I worked at Merrill Lynch in one of its many IT departments from '06-'08 (I haven't always been a soulless AWP). When Stan O'Neal, the CEO, was ousted in late 2007, ML spun it and the media kind of shrugged. We could tell something was going on, but no one saw it coming. Few people predicted the economy's implosion and those who did were generally ignored. Post-bubble the "experts" all had opinions and predictions, but how many of those were right?
Economic predictions are maybe less reliable than your local weatherman.
The economy is linked to money...:-"...and therefore is subjected to manipulation by forces who profit when it expands and when it shrinks. The economy is akin to an athlete who's medical stats are posted online and the "experts", depending on their slant
(cuz they're in it for the $$$$), may be bearish or bullish (money is made on both scenarios).

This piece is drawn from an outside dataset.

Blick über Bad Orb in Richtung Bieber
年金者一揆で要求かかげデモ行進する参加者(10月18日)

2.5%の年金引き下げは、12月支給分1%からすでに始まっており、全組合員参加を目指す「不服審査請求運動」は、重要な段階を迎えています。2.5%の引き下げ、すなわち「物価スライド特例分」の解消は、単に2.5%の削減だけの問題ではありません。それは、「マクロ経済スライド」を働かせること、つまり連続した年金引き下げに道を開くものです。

Bottom line is to look/follow the
experts who look at the data...not those who tell you what it means. Everyone is looking at China but who's looking at South America??? What's going on there?
Regarding future predictions, there is now a lot of credence in
"Dragon King" theory (but also people try to debunk it). The vast majority of economists agree that QE is a short-term fix that was intended to get ease the world's economies into correcting the various bubbles. The problem is we've using it as an unsustainable way to convert red to black on our balance sheets (QE added 4 TRILLON dollars of unsecured debt to our books).

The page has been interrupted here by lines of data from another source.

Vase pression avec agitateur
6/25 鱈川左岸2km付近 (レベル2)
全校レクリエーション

Now that QE is over, borrowing rates will rise but who's buying anything on credit? Major companies are hording cash but our consumer economy REQUIRES Joe-sixpack to take out a loan (bank makes $$$), buy something (seller makes $$$$), so seller can expand via borrowing more from bank, and Joe's neighbor buys (via loan, etc.).
Slow borrowing makes bank boards nervous so they call loans...inability to repay causes serious problems and tightens credit markets...unless the USG is involved and ensures that banks will NO MATTER WHAT get repaid (e.g. student loans).
GET OUT OF (OR MINIMIZE) PERSONAL DEBT, which is modern day slavery.